In Defense of Single-column Networks for Crowd Counting

Crowd counting usually addressed by density estimation becomes an increasingly important topic in computer vision due to its widespread applications in video surveillance, urban planning, and intelligence gathering. However, it is essentially a challenging task because of the greatly varied sizes of objects, coupled with severe occlusions and vague appearance of extremely small individuals. Existing methods heavily rely on multi-column learning architectures to extract multi-scale features, which however suffer from heavy computational cost, especially undesired for crowd counting. In this paper, we propose the single-column counting network (SCNet) for efficient crowd counting without relying on multi-column networks.
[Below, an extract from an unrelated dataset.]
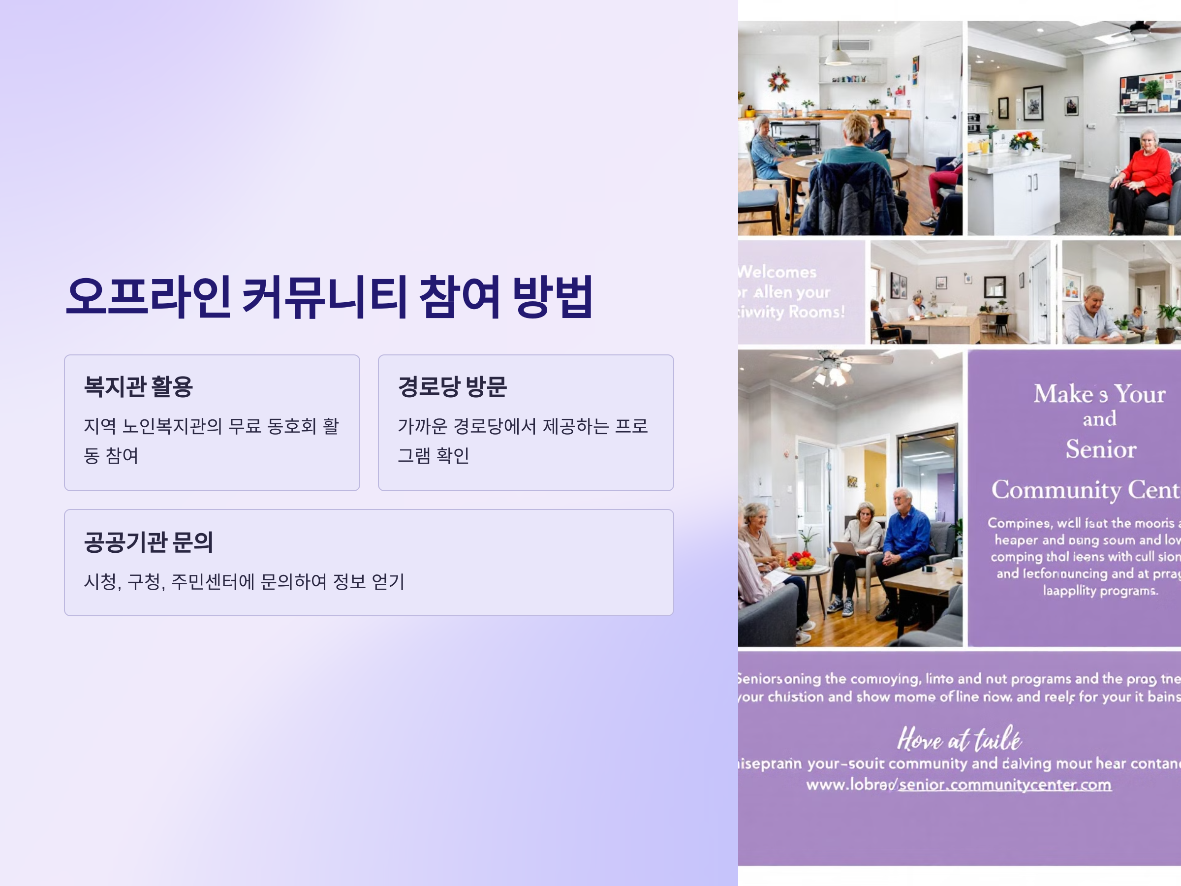노인들의 삶의 질을 높이고, 사회적 연결을 강화하는 데 중요한 역할을 하는 것이 바로 커뮤니티와 동호회입니다. 하지만 많은 노인들이 무료로 참여할 수 있는 커뮤니티와 동호회가 어디에 있는지 모르고, 이로 인해 사회적 고립을 겪기도 합니다. 무료로 참여할 수 있는 커뮤니티나 동호회를 찾는 방법은 생각보다 쉽고 다양합니다. 이번 포스팅에서는 노인들을 위한 무료 커뮤니티 및 동호회를 어떻게 찾을 수 있는지에 대해 자세히 알아보겠습니다. 이 글을 통해 여러분은 노인을 위한 맞춤형 커뮤니티를 쉽게 찾아 참여하고, 활기찬 사회생활을 즐길 수 있는 방법을 알게 될 것입니다.

SCNet consists of residual fusion modules (RFMs) for multi-scale feature extraction, a pyramid pooling module (PPM) for information fusion, and a sub-pixel convolutional module (SPCM) followed by a bilinear upsampling layer for resolution recovery. Those proposed modules enable our SCNet to fully capture multi-scale features in a compact single-column architecture and estimate high-resolution density map in an efficient way. In addition, we provide a principled paradigm for density map generation and data augmentation for training, which shows further improved performance. Extensive experiments on three benchmark datasets show that our SCNet delivers new state-of-the-art performance and surpasses previous methods by large margins, which demonstrates the great effectiveness of SCNet as a single-column network for crowd counting.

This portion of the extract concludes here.